● Records for processing
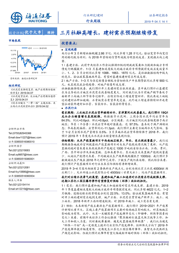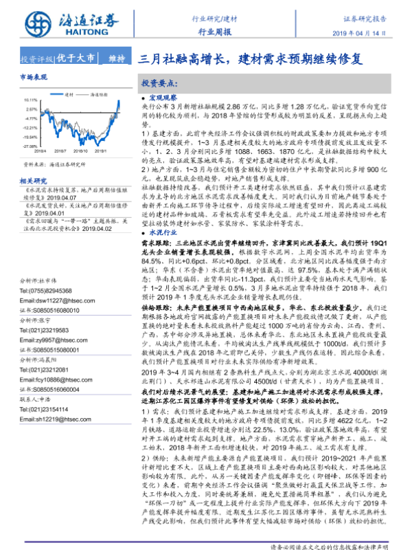 【海通证券】【20190414】三月社融高增长,建材需求预期继续修复-9页
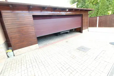 A ház téglából épült 837 m2-es telekre. Az udvari oldalon kb. 15 m2-es fedett terasz készült a pihenéshez, baráti összejövetelek színhelyéül. A kert füvesített, díszfákkal, virágokkal díszített, elől térkövezett.
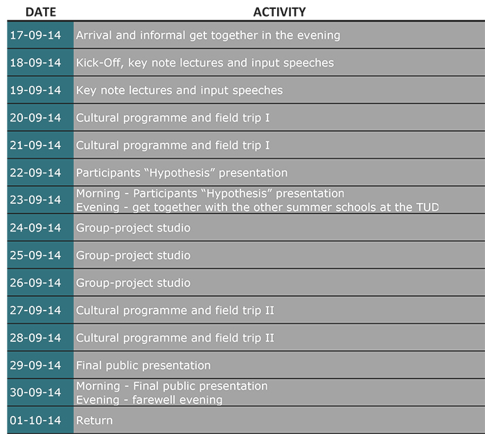 The summer school programme focuses on cross-disciplinary project work and interactive workshops. Theoretical input will be delivered in keynote speeches from renowned international scholars and practitioners (tbd). Additional impulse lectures will be given by TU Dresden faculty members of the departments
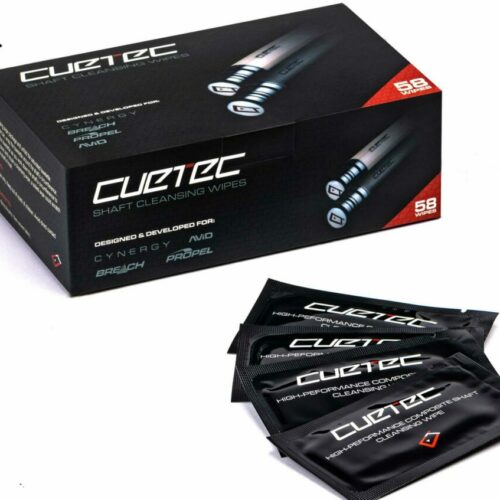 When the pressure is on, dirt, debris, and friction are the last thing a competitor needs on their mind. Cuetec’s shaft cleansing wipes quickly and easily return your Cynergy or AVID shaft surface to their ultra-smooth low-friction high-performance best.
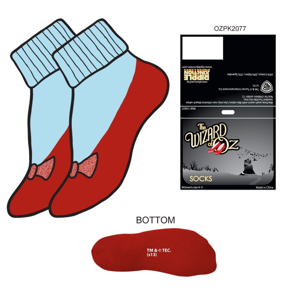 This is a new and unused pair of ankle socks featuring the Ruby Slippers that Dorothy wears from the popular movie The Wizard of Oz. These socks are for sizes 9-11 in Women’s and they are made of acrylic and polyester and are machine washable. They are stored in a smoke and pet free environment.
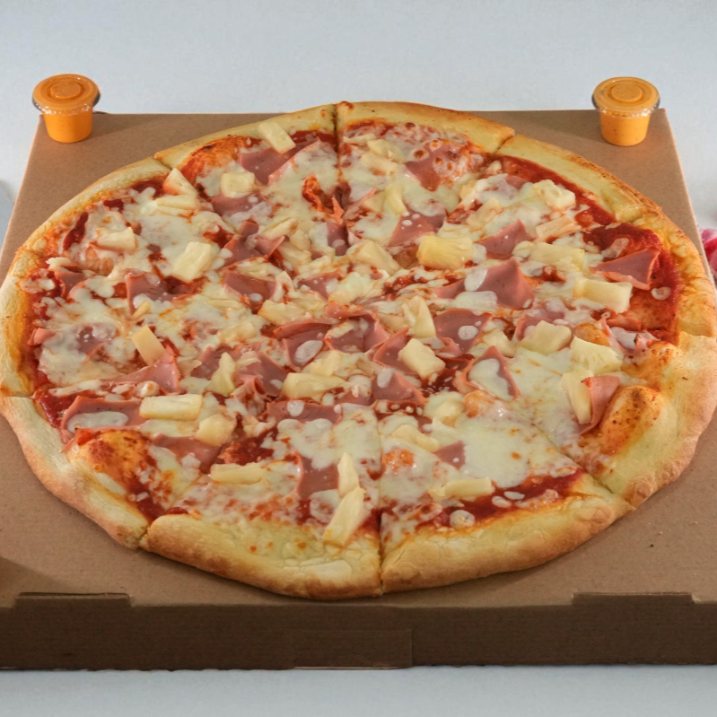 Pizza familiar de 10 rebanadas con jamón, piña y queso

● Problem statement
Skipping every picture, transcribe exactly the lines above from the one containing "A ház téglából" through the one containing "When the pressure", both included.

● Solution to this task
 A ház téglából épült 837 m2-es telekre. Az udvari oldalon kb. 15 m2-es fedett terasz készült a pihenéshez, baráti összejövetelek színhelyéül. A kert füvesített, díszfákkal, virágokkal díszített, elől térkövezett.
 The summer school programme focuses on cross-disciplinary project work and interactive workshops. Theoretical input will be delivered in keynote speeches from renowned international scholars and practitioners (tbd). Additional impulse lectures will be given by TU Dresden faculty members of the departments
 When the pressure is on, dirt, debris, and friction are the last thing a competitor needs on their mind. Cuetec’s shaft cleansing wipes quickly and easily return your Cynergy or AVID shaft surface to their ultra-smooth low-friction high-performance best.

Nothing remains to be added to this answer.